Now we can plug the values into the formula:

CI = 0.56 ± 1.645 * √( (0.56*(1-0.56))/1000 )

Calculating this, we get:

CI ≈ 0.56 ± 1.645 * 0.014

Simplifying, we get:

CI ≈ 0.56 ± 0.023

So the 90% confidence interval for the proportion of adult Americans who think lying is never justified is approximately (0.537, 0.583).

(b) To construct a confidence interval for the proportion of adult Americans who think that it is often or sometimes OK to lie to avoid hurting someone's feelings, we can use the same formula as before:

CI = p̂ ± z * √( (p̂*(1-p̂))/n )

Given that 670 responded that this was often or sometimes OK, p̂ = 670/1000 = 0.67. The sample size is still 1000, so n = 1000.

The critical value z for a 90% confidence level is still approximately 1.645.

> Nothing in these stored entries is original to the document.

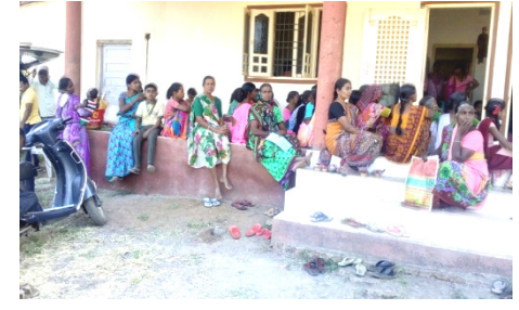
રામકૃષ્ણ સંવેદના ટ્રસ્ટની ઓફિસ પર આંખના ઓપરેશન પછી તપાસ માટે આવેલા દર્દીઓ
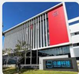
台南總公司 台南市新市區活水路8號
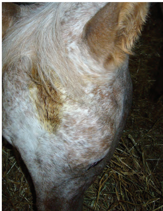
Fig 6. Ferita penetrante cicatrizzata

I progressi visivi di JUSTY saranno soddisfacenti e duraturi consentendo condizioni di vita dignitose anche all'aperto.
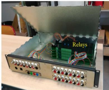
Figure 3 – Matrice de relais pour les TP d'électronique.

distance d'un jeu de relais permet la réalisation d'un montage électronique instrumenté. L'interface un mode de câblage manuel où tous les relais peuvent être activés par l'utilisateur et un mode de câblage automatique permettant de télécharger un montage prédéfini.
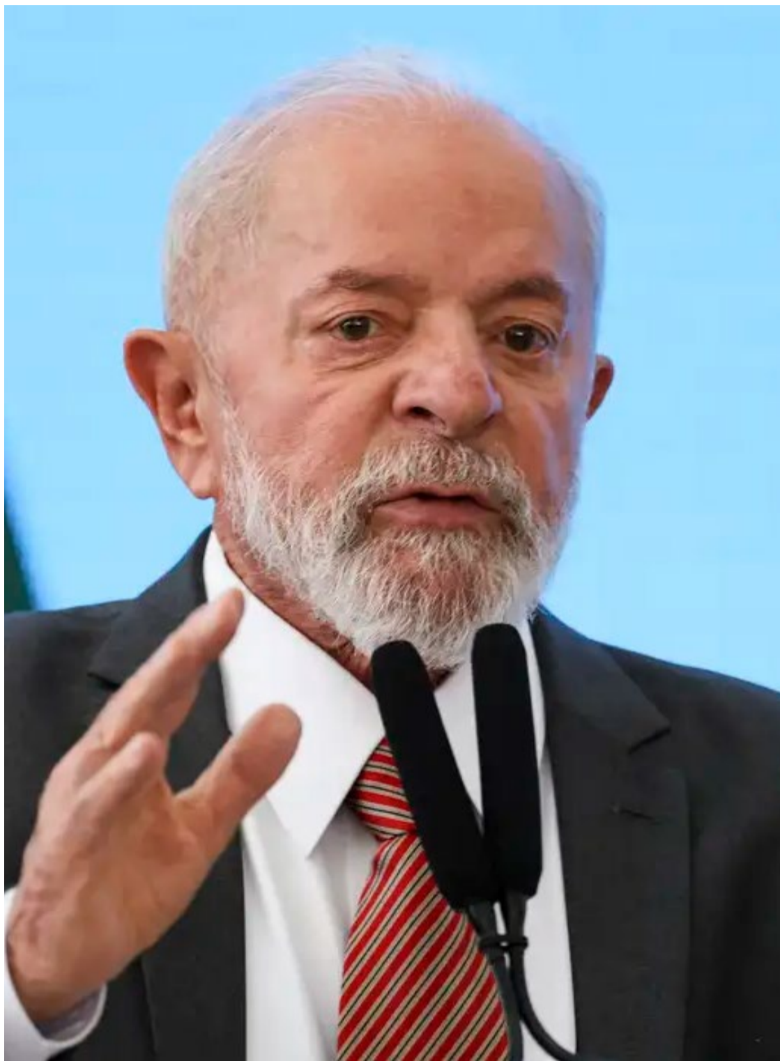
Lula da Silva: "Abraço da Democracia" no 8 de janeiro, na Praça dos Três Poderes

Os dois primeiros, pela manhã, serão de lançamento de peças degradadas na invasão do 8 de Janeiro. Segundo o governo, 21 obras e peças históri-
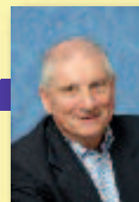
Vice-Président en charge des Transports et des Déplacements.

En terme de déplacements, le métro, dont la fréquentation est évaluée à 35 000 voyageurs par jour, délesterait le Palays d'une partie des 130 000 véhicules qui l'empruntent quotidiennement et, de ce seul point de vue, le prolongement de la ligne B est un service rendu à l'ensemble de l'agglomération. La gare multimodale permettra de faire converger différents modes de déplacement collectifs (train, métro, bus) ou individuels (vélos, voitures pour lesquelles le stationnement sera prévu). Mais ce prolongement constituera l'axe structurant d'un véritable « réaménagement » de l'espace du Sud-Est toulousain qui, au-delà des seules zones d'activités de l'Innopole et du Parc du Canal – elles-mêmes appelées à être requalifiées – concernera l'ensemble des communes du Nord du Sicoval. L'arrivée du métro à Labège aura aussi un effet d'intégration urbaine fort sur le Sud du territoire. Il s'agit donc bien là d'un projet d'intérêt d'agglomération et c'est tout à l'honneur du Sicoval d'avoir su le porter. »
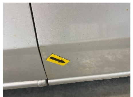
24. Lakk / karosseri utvendig
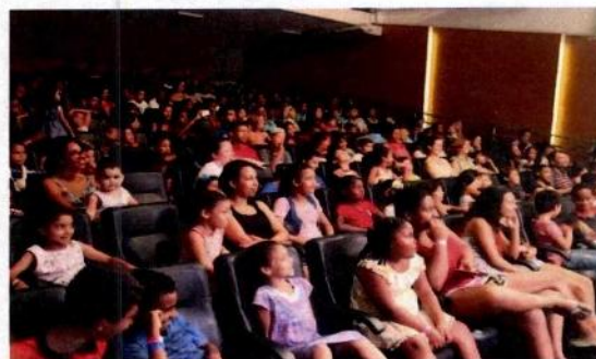
Espectáculo "As Aventuras de Gibiló e Gibileu da Cia Estrípulas Imagináveis - CFC Itaim Paulista
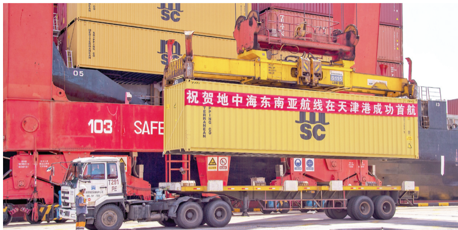
7月23日开通的地中海东南亚航线。

今年,随着区域全面经济伙伴关系协定(RCEP)正式生效,天津港充分发挥“一带一路”海陆交汇点和服务全面对外开放国际枢纽港作用,与菲律宾、泰国、新加坡、越南、缅甸等RCEP有关国家的集装箱运输量同比增长了7%以上,并成功开通了至澳大利亚、东南亚等7条外贸远洋航
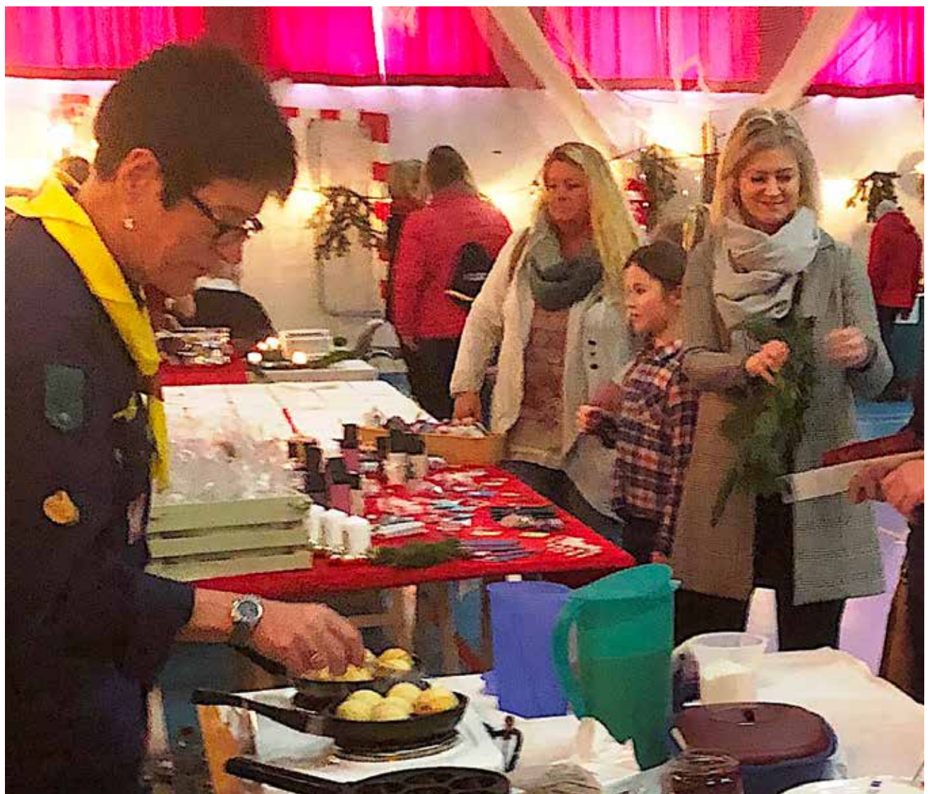
Helt fra Frederiksstad kom de for at smage spejdernes lækre æbleskiver.

Now we can plug the values into the formula:

CI = 0.67 ± 1.645 * √( (0.67*(1-0.67))/1000 )

Calculating this, we get:

CI ≈ 0.67 ± 1.645 * 0.012

Simplifying, we get:

CI ≈ 0.67 ± 0.020

So the 90% confidence interval for the proportion of adult Americans who think that it is often or sometimes OK to lie to avoid hurting someone's feelings is approximately (0.650, 0.690).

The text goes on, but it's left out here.